We can see that the first cell will offer a three representation: html, plain and latex. No text/markdown output.

And then we have specific process that handle some raw LaTeX in that case are they are expected to be Math.

Here is what happens

We are getting the cell content from the above in https://github.com/quarto-dev/quarto-cli/blob/7277a8f738cbad8c9fe42364ba5cb81ed72f5754/src/core/jupyter/jupyter.ts#L1166-L1170

In that process we do the following with the outputs https://github.com/quarto-dev/quarto-cli/blob/7277a8f738cbad8c9fe42364ba5cb81ed72f5754/src/core/jupyter/jupyter.ts#L1193-L1199

So we are calling displayDataWithMarkdownMath() on this toLatex output, and in there we select the output.data["text/latex"] explicitely https://github.com/quarto-dev/quarto-cli/blob/7277a8f738cbad8c9fe42364ba5cb81ed72f5754/src/core/jupyter/display-data.ts#L122-L132

For the last code cell you have, there is only text/html and text/plain, so there is no LaTeX table inserted and so you see the right table result.

I don't know enough about Jupyter, Julia and nbConvert to understand what happens. It seems though that

df = DataFrame(:x => randn(10), :y => randn(10))

won't output text/markdown to include.

Though I guess we should probably not choose the text/latex part, but either the plain or html.

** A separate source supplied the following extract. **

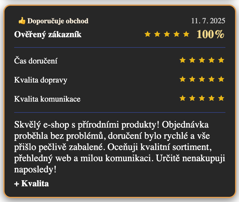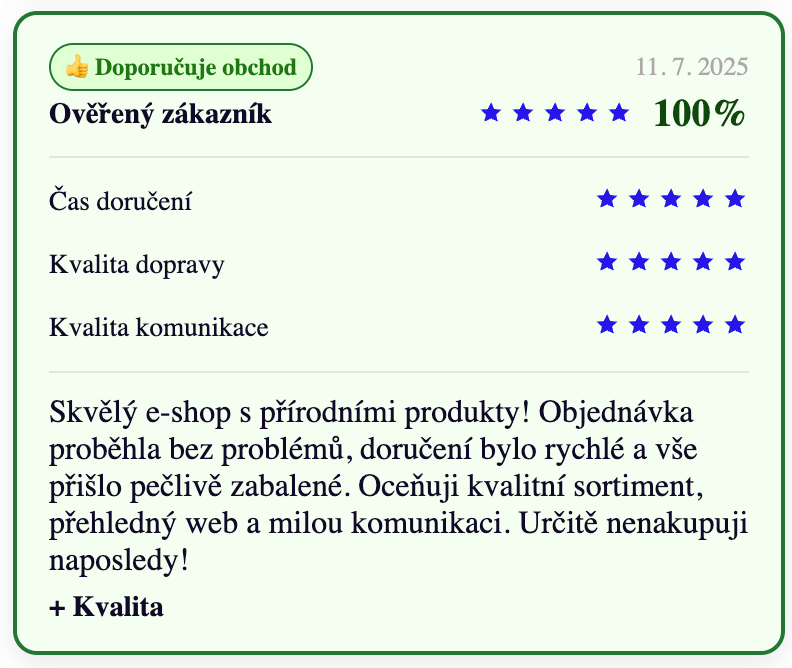 Řešení je plně kompatibilní i se zapnutým Designerem v Upgates a přizpůsobené vzhledu vašeho e-shopu. Recenze pomáhají budovat důvěru, zvyšují konverzní poměr a podporují rozhodování zákazníků při nákupu.

To note that if we do force HTML then we correctly select the HTML version of the results

format: 
   md:
      prefer-html: true

@cscheid @dragonstyle you know Quarto internals for Jupyter a bit better than me. Do you have more insight on what we should do here ? if we do need to do something unless we consider this to be a Julia DataFrames output problem. But really surprising that we select the text/latex data for this output.

Hope it helps

sethaxen commented 1 year ago

To note that if we do force HTML then we correctly select the HTML version of the results

format: 
   md:
      prefer-html: true

Is there a way to force this for a single cell instead of the whole document?

cderv commented 1 year ago

Is there a way to force this for a single cell instead of the whole document?

Unfortunately no. It was not meant for this specific cell usage. IMO this is a side effect that it helps with this issue. It should be solved differently by correctly handling the Julia outputs for markdown format.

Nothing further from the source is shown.